The amount of dark matter in the universe is six times higher than that of normal matter, which agrees with previous measurements. But, how have they managed to get this approximation of subjects? Very easy”.
The researchers have used data from the Dark Energy Survey and the South Pole Telescope to recalculate the total amount and distribution of matter in the universe. It sounds easy, but it is the work of years.
In their investigations, the team also ddiscovered that matter was less clumped than previously thoughtso we can talk about a kind of gruyère cheese and it is not a mass of stars, planets, satellites and moons.
The Dark Energy Survey observes photons of light at visible wavelengths, and the South Pole Telescope observes light at microwave wavelengths. This means that the South Pole Telescope observes the cosmic microwave backgroundthe oldest radiation we can see, dating back to about 300,000 years after the Big Bang.
The team presented the data sets of the respective soundings on two sky maps; then they superimposed the two maps to understand the full picture of how matter is distributed in the universe.

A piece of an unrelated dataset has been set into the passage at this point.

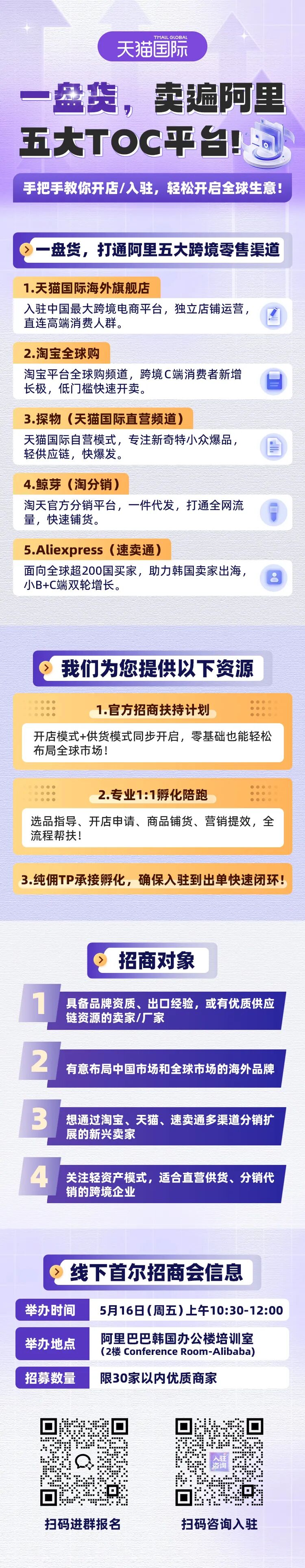 韩国品牌商家注意啦!一个仓库的货卖遍阿里五大平台!

The cosmos is becoming more accessible every day
The dark matter it is something in the universe that we cannot directly observe. We know it’s there because of its gravitational effects, but otherwise we can’t see it. Dark matter makes up about 27% of the universeaccording to CERN.
The remaining 63% of the cosmos is made up of dark energy, a hitherto uncertain category that is evenly distributed throughout the universe and is responsible for the accelerating expansion of the universe.
To the Dark Energy Survey still he has three years left of data to analyze, and the South Pole Telescope is carrying out a new observation of the cosmic microwave background. For its part, the Atacama Cosmological Telescope is carrying out a high-sensitivity survey of the cosmic background. With precise new data, researchers will be able to test the standard cosmological model.
In 2021, the Atacama telescope helped scientists obtain a new precise measure of the age of the universe: 13.77 billion years. Further investigation of the cosmic microwave background could also help researchers resolve the Hubble tension, a disagreement between two of the best ways to measure the expansion of the universe.
As the means of observation become more precise, this information can feed back into the great cosmological models to determine where we have gone wrong in the past and lead us towards a superior knowledge of the universe that surrounds and envelops us.